Austin Lund austin.lund at gmail.com
Fri Feb 21 01:47:04 UTC 2020


On Thu, 20 Feb 2020 at 13:41, Eli Schwartz <eschwartz at archlinux.org> wrote:
>
> On 2/19/20 8:51 PM, Austin Lund wrote:
> > Currently only the file pointed to by the DW_AT_name is included as a source
> > file in debug packages.  This means many files that are useful for debugging are
> > not included.  For example, no header files are included but yet these may by
> > referenced in the .debug_line section.
>
> Why do we need headers? headers by definition are supposed to declare
> things that are then defined by a source file which is in DW_AT_name.
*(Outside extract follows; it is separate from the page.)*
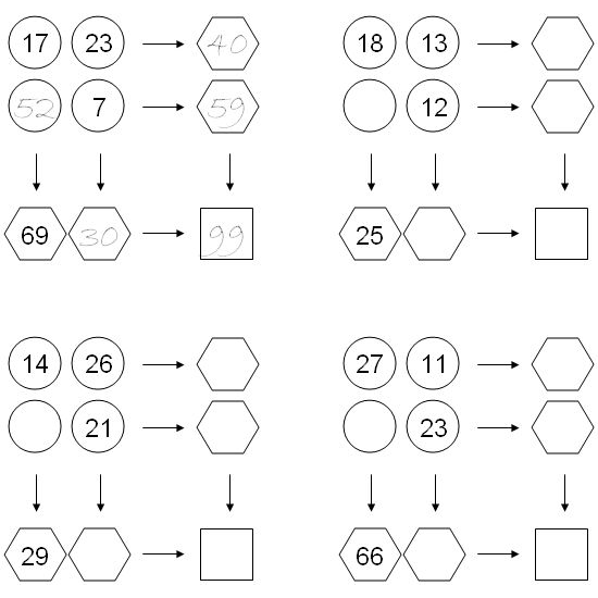 Poišči manjkajoče številke. Za pomoč si oglej rešen primer levo zgoraj.

Some function definitions are presented within header files.  For
example, people will declare short inline functions in header files.
The line debugging information then points into the header files.

Just a random example:

gdb ls
b initialize_exit_failure
r does_not_exist

A code listing in GDB should point to the inline function definition
in system.h in coreutils  But currently that's missing from a built
coreutils-debug package.

> > This sed script converts into shell variables the debug dump information from
> > readelf about compilation units, directory tables and file tables.  This can be
> > used to get the full path of all the source files from within the package being
> > compiled that are referenced in the debugging information.  Also, placeholder
> > symbols (e.g. <builtin>) and paths outside the current source (e.g. linked
> > libraries) will be more consistently ignored from inclusion in the debug
> > packages.
>
> I... don't really follow what this sed thing is doing. Is it printing
> out a bash script? Why?

A fairly complex state needs to be saved to give a output useful for
packaging.  The things that are needed are the compilation directory
for each compilation unit and the file and directory tables for the
corresponding compilation units.  The way this is structured in the
file and the way readelf presents this information isn't totally
linear.  DW_AT_comp_dir is in the .debug_info section whilst the file
and directory tables are in the .debug_line section where the file
table refers to the directory table.  readelf tries to resolve things
with the --debug-dump=decodedline option.  But the compilation
directories are lost and the directory tables aren't used consistently
in the output (at least in my version of readelf (i.e. 2.34).

Keeping track of this state information is completely impractical in
sed, and confusing in awk.  Using bash associative arrays was an easy
solution that came to mind, so I just used that and parsed the output
in a subshell.  Perhaps there is a better way.